Exercise instructions:
Leave out the pictures and restate exactly, and only, the lines from the one that contains "En el caso del" through the final line of the material below.

(Beginning of Exercise data)

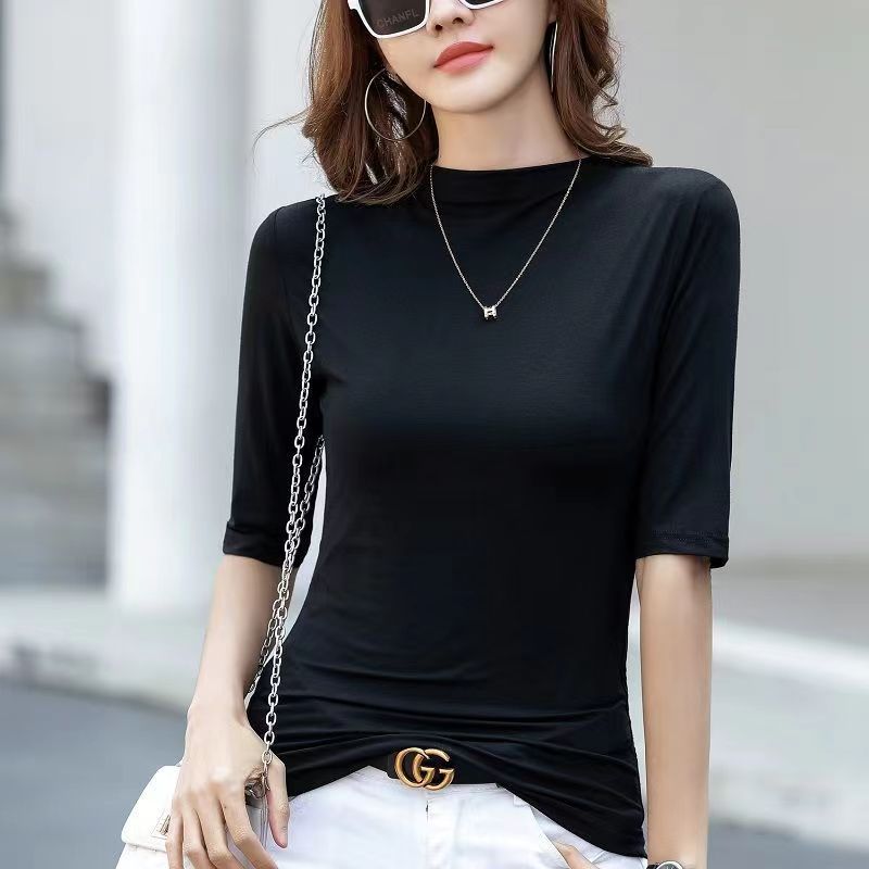 Модальный высокоэластичный черный цвет с круглым вырезом и короткими рукавами
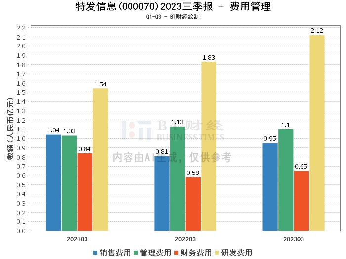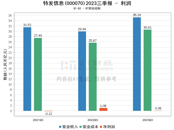综上所述,特发信息2023年三季度的经营情况总体稳定,资产规模在扩大,负债规模基本稳定,净资产有所增加,资产负债结构有所优化。但是,公司的利润水平下降,成本压力增大,盈利能力有所下降,现金流压力较大。这些因素都需要投资者关注。
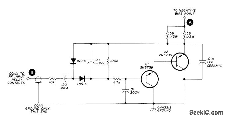 Automatic electronic bias switching improves efficiency of negatively biased linear class B RF power amplifier such as Heath SB-200 because no power is dissipated under no-signal conditions. Transistors are chosen to withstand maximum negative voltages switched, about -150 VDC. Capacitor across collector-base junction of Q1 can be adjusted to reduce turn-on time of switch. With no RE drive from transmitter, amplifier is biased to cutoff and plate current is zero. Switch will operate at RF threshold of about 2 V and apply class B bias voltage to amplifier. As RF drive is increased, plate current increases. With transmitter in SSB mode, plate current is zero with no speech. For speech, plate current increases with RF driving voltage.-F. E. Hinkle, Electronic Bias Switch for Negatively Biased Amplifiers, Ham Radio, Nov, 1976, p 27-29.
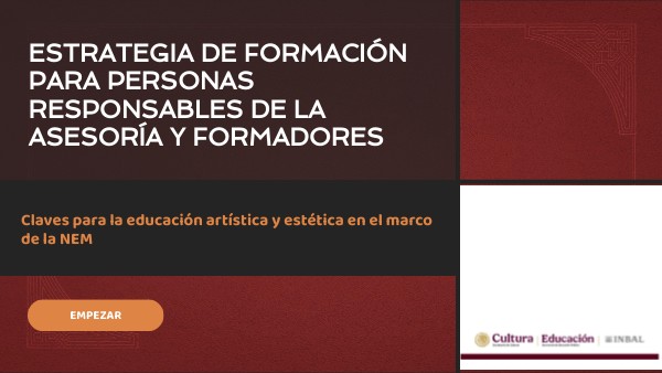 En el caso del curso Claves para la educación artística y estética en el marco de la NEM entendemos a la persona responsable de la asesoría como un acompañante pedagógico responsable de orientar a las y los docentes en su proceso formativo dentro del curso.
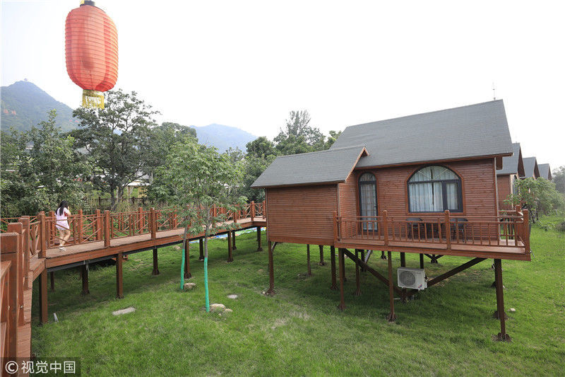 2018年7月6日,航拍陜西渭南臨渭區(qū)天留山下的小木屋民俗酒店。王警/視覺中國
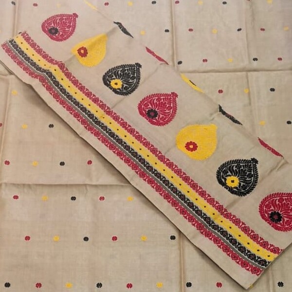 11050 Set Description : A Pure Toss Mekhela Chadar Is A Traditional Assamese Outfit Made From 100% Tussar Silk, A Natural Silk Known For Its Golden Sheen And Coarse Texture. It Is A Two-piece Garment Consisting Of A Mekhela (a Cylindrical Sarong-like Piece Wrapped Around The Waist) And A Chadar (a Long Piece Of Fabric Draped Over The Body, Similar To A Sari). The Set Typically Includes A Separate Blouse Piece. Location : Assam, India

(End of Exercise data)

Your response:
 En el caso del curso Claves para la educación artística y estética en el marco de la NEM entendemos a la persona responsable de la asesoría como un acompañante pedagógico responsable de orientar a las y los docentes en su proceso formativo dentro del curso.
 2018年7月6日,航拍陜西渭南臨渭區(qū)天留山下的小木屋民俗酒店。王警/視覺中國
 11050 Set Description : A Pure Toss Mekhela Chadar Is A Traditional Assamese Outfit Made From 100% Tussar Silk, A Natural Silk Known For Its Golden Sheen And Coarse Texture. It Is A Two-piece Garment Consisting Of A Mekhela (a Cylindrical Sarong-like Piece Wrapped Around The Waist) And A Chadar (a Long Piece Of Fabric Draped Over The Body, Similar To A Sari). The Set Typically Includes A Separate Blouse Piece. Location : Assam, India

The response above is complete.